-------- DATA EXTRACT
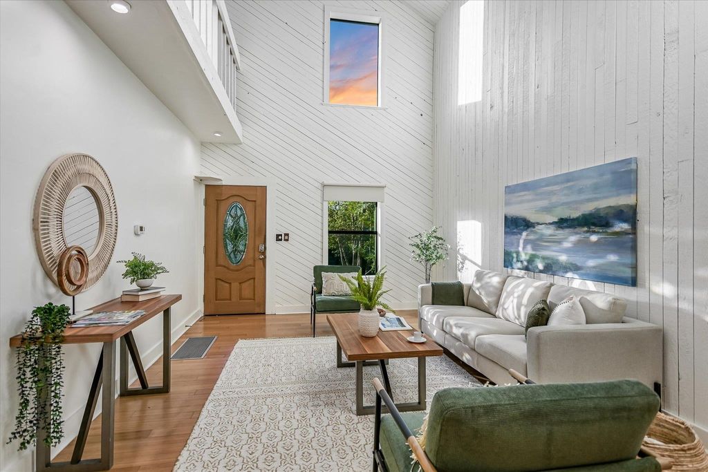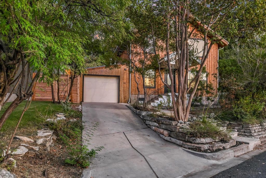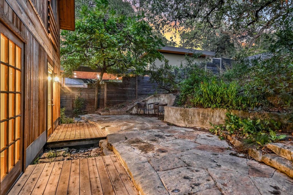 A Rare Nature Retreat in the Heart of Travis Heights: Step into your own Colorado-style lodge nestled among the towering trees of one of Austin's most beloved neighborhoods. Perfectly situated across from Blunn Creek Greenbelt and Little Stacy Park, this remarkable mid-century modern home offers the serenity of nature with the convenience of city living. Once owned by a world-renowned naturalist, the home radiates warmth, character and blends with its environment. Inside, you'll find soaring ceilings, a remodeled contemporary kitchen, and natural light pouring through expansive windows. The terraced backyard is a peaceful escape with a koi pond, fountain, and lush greenery, plus the bonus of alley access. Upstairs, a tranquil sitting area or office captures treetop views through a dramatic picture window, while the spacious primary suite invites relaxation with its cozy fireplace and treehouse feel. If you've ever dreamed of living in the country"”right in the heart of the city, this one-of-a-kind Travis Heights retreat is calling you home.
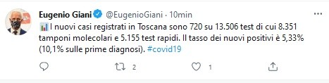 Toscana, Covid-19: Giani su twitter, 720 nuovi contagi, 13.506 tamponi, tasso a 5,33%. Forte incremento settimanale
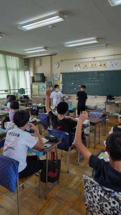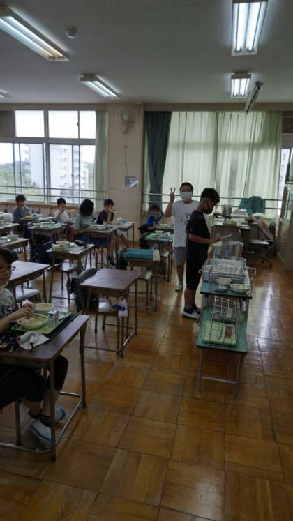 [5年生給食]今日は5年生の給食風景です。さすがに高学年、自分たちでしっかりルールを決めて進めています。
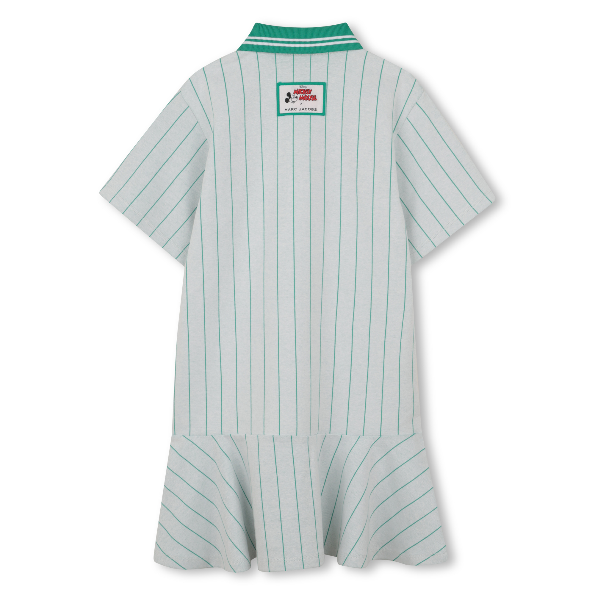 • Blue and green striped polo-style dress with a Mickey Mouse fanny pack print.
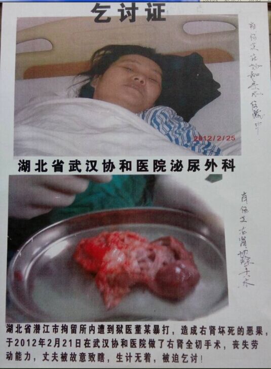 到潜江已经是13号的下午5点左右,没有把他们夫妻二人送回家直接送到离潜江市很远的郊外西大院,白鸯湖一私人的宾馆政府长期设的黑监狱多次关押过潜江访民,彭峰,伍立娟,黄行芝等还有独立选举专家姚立法都在此关押过。车子到庭院停下后已经有竹根滩派出所民警朱鹏在此等候,夫妻二人下车就被一群不认识的人守在一边,盲人关贤章还没有站稳就被看守的人一脚飞来直踹胸前当时关贤章后退几步倒地,此人再次又是几脚踹来,直击头部与胸部,已经处于昏迷状态,他们再次夺过盲人拐杖疯狂的殴打,肖伍艾看到老公快被打死,就拼命的高喊,与他们拼命保护盲人丈夫,却遭到更严重的殴打,一打手土匪一脚将肖伍艾踢出很远倒在地下起不来,这一帮打手才停止殴打。肖伍艾与关贤章被打昏迷后倒在地下,然后他们提起他们二人的衣领在地上拖行,一直拖到关押的黑监狱房间重重的摔在房间然后非法抢夺了他们的身份证与财物手机等东西。
----------------
WORK INSTRUCTIONS: Print, exactly and without pictures, the lines from the one holding "Toscana, Covid-19: Giani" through the last line of the entries above, both included.

EXERCISE RESULT:
 Toscana, Covid-19: Giani su twitter, 720 nuovi contagi, 13.506 tamponi, tasso a 5,33%. Forte incremento settimanale
 [5年生給食]今日は5年生の給食風景です。さすがに高学年、自分たちでしっかりルールを決めて進めています。
 • Blue and green striped polo-style dress with a Mickey Mouse fanny pack print.
 到潜江已经是13号的下午5点左右,没有把他们夫妻二人送回家直接送到离潜江市很远的郊外西大院,白鸯湖一私人的宾馆政府长期设的黑监狱多次关押过潜江访民,彭峰,伍立娟,黄行芝等还有独立选举专家姚立法都在此关押过。车子到庭院停下后已经有竹根滩派出所民警朱鹏在此等候,夫妻二人下车就被一群不认识的人守在一边,盲人关贤章还没有站稳就被看守的人一脚飞来直踹胸前当时关贤章后退几步倒地,此人再次又是几脚踹来,直击头部与胸部,已经处于昏迷状态,他们再次夺过盲人拐杖疯狂的殴打,肖伍艾看到老公快被打死,就拼命的高喊,与他们拼命保护盲人丈夫,却遭到更严重的殴打,一打手土匪一脚将肖伍艾踢出很远倒在地下起不来,这一帮打手才停止殴打。肖伍艾与关贤章被打昏迷后倒在地下,然后他们提起他们二人的衣领在地上拖行,一直拖到关押的黑监狱房间重重的摔在房间然后非法抢夺了他们的身份证与财物手机等东西。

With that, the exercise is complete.